Posters depicting the role of American Jewry in the Civil War are being issued by the American Jewish Archives here in connection with the Civil War Centennial, it was announced today. The Archives is the historical research center on the campus of the Hebrew Union College-Jewish Institute of Religion.
American Jews played a substantial part in the war between the States. As its contribution to the national centennial observance, the Archives is using military and civilian records to assemble the dramatic story of their participation.

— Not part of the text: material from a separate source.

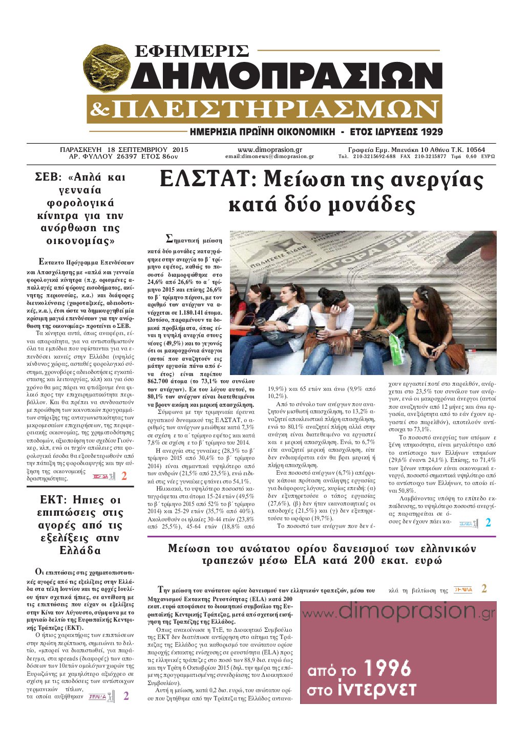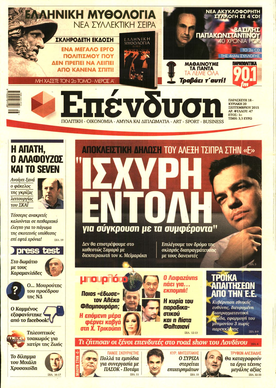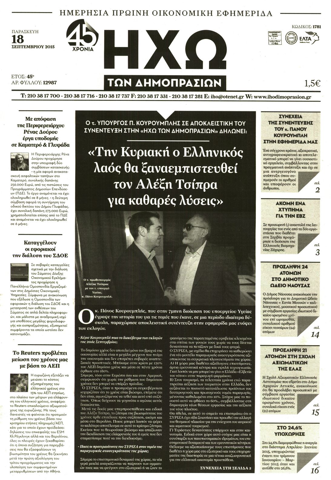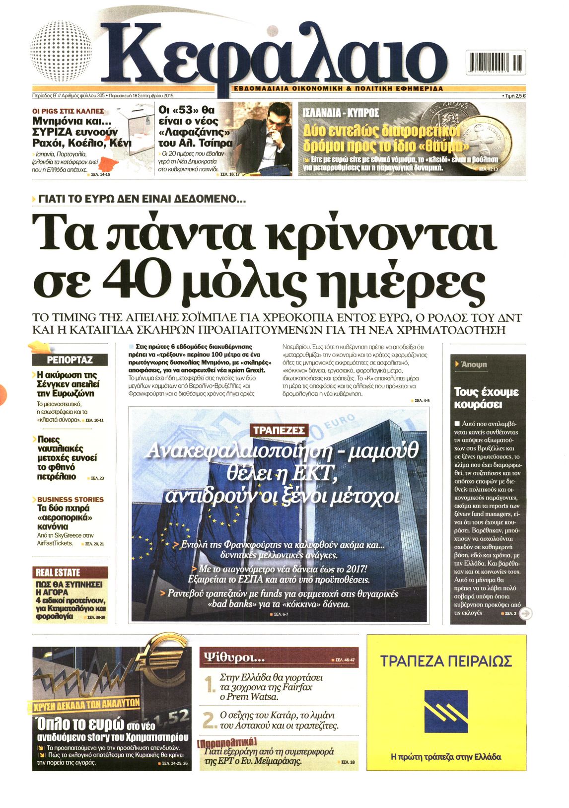 Οι οικονομικές εφημερίδες 18/9/2015 Enikos Newsroom 07:50, Παρασκευή 18 Σεπτεμβρίου 2015 Media Διαβάστε τα σημερινά πρωτοσέλιδα των οικονομικών εφημερίδων: ΟΙΚΟΝΟΜΙΚΕΣ ΕΦΗΜΕΡΙΔΕΣ ΠΡΩΤΟΣΕΛΙΔΑ Μοιράσου το: σχολίασε κι εσύ (0 σχόλια) Ακολουθήστε το enikos.gr στο Google News και μάθετε πρώτοι όλες τις ειδήσεις Δείτε όλες τις τελευταίες ειδήσεις από την Ελλάδα και τον Κόσμο στο enikos.gr Ειδήσεις Ροή Ειδήσεων 14 λεπτά πριν LIVE από Λοριάν: Η ύψωση της ελληνικής σημαίας στην πρώτη φρεγάτα FDI Belharra ΚΙΜΩΝ 26 λεπτά πριν Στην Ευελπίδων ο 22χρονος που καταγγέλλει τον Γιώργο Μαζωνάκη για ασελγείς πράξεις – «Έχουμε εμπιστοσύνη στη Δικαιοσύνη, καμία εκβίαση» λέει ο δικηγόρος του 2 ώρες πριν Νίκος Παππάς: Άφαντος παραμένει ο ευρωβουλευτής μετά την επίθεση στον Νίκο Γιαννόπουλο 1 ώρα πριν Βρυξέλλες: Ένταση με τους αγρότες – Πέταξαν πατάτες και κροτίδες 3 ώρες πριν Συναγερμός και στην Ελλάδα για τη «σούπερ γρίπη»: Πόσο σοβαρή είναι και ποιοι θεωρούνται πιο ευάλωτοι – 3 ειδικοί μιλούν στο enikos.gr 3 ώρες πριν Τα 4 ζώδια που λαμβάνουν ένα ισχυρό σημάδι από το σύμπαν – «Αποκαλύπτεται κάτι που μπορεί να αλλάξει τη ζωή μας» 4 ώρες πριν Η σύζυγός του παραπονιέται για τα χρήματα που της δίνει για ψώνια κάθε μήνα – «Λέει ότι νιώθει φτωχή και της είπα να βρει δουλειά» 2 ώρες πριν Αν κάνετε συνεχώς αυτά τα 8 πράγματα με τα κατοικίδιά σας, σας λείπει η ανθρώπινη επαφή 1 ημέρα πριν 20 χρόνια τα Χριστούγεννα ξεκινούν στα Public με μεγάλη ποικιλία σε δώρα! 4 λεπτά πριν Κατερίνα Καινούργιου για Γιώργο Μαζωνάκη: «Θεωρώ φρικτό αυτό το τσίρκο που έχει συμβεί τις τελευταίες μέρες στα Μέσα» 10 λεπτά πριν Μαρινάκης για Νίκο Παππά: Να δώσει απαντήσεις ο άνθρωπος που τον έβαλε στην πολιτική – Ήταν προσωπική επιλογή Τσίπρα 14 λεπτά πριν LIVE από Λοριάν: Η ύψωση της ελληνικής σημαίας στην πρώτη φρεγάτα FDI Belharra ΚΙΜΩΝ 16 λεπτά πριν Θεσσαλονίκη: Υπό κράτηση ο 48χρονος που κατηγορείται για φοροδιαφυγή ύψους 29,6 εκατ. ευρώ στη Γερμανία 21 λεπτά πριν Φίλης στον Realfm 97,8: «Δεν πρέπει να είμαστε τόσο γενναιόδωροι στην εξωτερική μας πολιτική» ENIKOS NETWORK Όμιλος ΙΑΤΡΟΠΟΛΙΣ: Πρωτοπόροι στη μοριακή απεικόνιση και στην πυρηνική ιατρική Τι περιλαμβάνει το σχέδιο της ΕΕ για την καρδιαγγειακή υγεία-Οι προτάσεις της Ελληνικής Καρδιολογικής Εταιρείας Ενοίκια: Τι αλλάζει με τη νέα τροπολογία στην πληρωμή Ειδικό επιδοτούμενο πρόγραμμα κατάρτισης από ΔΥΠΑ και ΕΛΓΟ – ΔΗΜΗΤΡΑ: Έως αύριο οι ενστάσεις – Όσα πρέπει να γνωρίζετε Χαρτογραφώντας το «σημείο χωρίς επιστροφή»: Για πρώτη φορά αποκαλύπτεται με λεπτομέρεια το ακανθώδες όριο της ατμόσφαιρας τ... Η Google καταργεί τη λειτουργία «dark web report» – Πώς θα μπορούν οι χρήστες να διαγράφουν τα δεδομένα τους περισσότερα 08:00 , Πέμπτη 18 Δεκεμβρίου 2025 Την Κυριακή με τη Realnews: Δωροεπιταγή 10€ Δωροεπιταγή αξίας 10€ για αγορές άνω των 60€ από τα πολυκαταστήματα FactoryOutlet H προσφορά ι... 07:50 , Πέμπτη 18 Δεκεμβρίου 2025 «Το σόι σου»: Backstage στα γυρίσματα για το εορταστικό επεισόδιο «Το σόι σου» φορά τα γιορτινά του για τα Χριστούγεννα και η Όλγα Λαφαζάνη, με την κάμερα του «... 07:36 , Πέμπτη 18 Δεκεμβρίου 2025 Οι αθλητικές μεταδόσεις 18/12/2025 – Πού θα δείτε τον αγώνα της ΑΕΚ με την Κραϊόβα για το Conference League Τα ματς ΑΕΚ – Ουνιβερσιτάτεα Κραϊόβα για το Conference League και Παναθηναϊκός – Χάποελ Τελ Αβ... 05:48 , Πέμπτη 18 Δεκεμβρίου 2025 Οι οικονομικές εφημερίδες 18/12/2025 Διαβάστε τα πρωτοσέλιδα από τις οικονομικές εφημερίδες, σήμερα 18/12/2025. ΤΕΛΕΥΤΑΙΕΣ ΕΙΔΗΣΕΙΣ 4 λεπτά

Some notable episodes of American Jewry’s Civil War experience in both North and South are dramatized in the set of six colorful posters which will be distributed nationally to congregations, religious schools, historical societies and libraries.
Northern Jewish patriots are symbolized by German-born Louis A. Gratz, who commanded the Union’s Sixth Kentucky Cavalry and proved himself a hero at Chickamauga. Other Jews who fought in the ranks for the Union are memorialized in posters featuring the “Yankee ingenuity” involved in preparing a wartime Passover Seder in the West Virginia mountains, and showing the faithful care given his wounded charges by Jacob Frankel, the first rabbi in American history to be appointed a military chaplain.
Southern Jewry, too, had its heroes and patriots, though there were fewer Jews in the South. An Archives poster depicts the fortitude under fire of Mississippi’s Max Frankenthal at the “Bloody Angle” of Spotsylvania Court House. Another recalls the effort of Mayer Lehman, father of former U.S. Senator Herbert H. Lehman, to aid captive Alabama soldiers languishing in Northern prison stockades.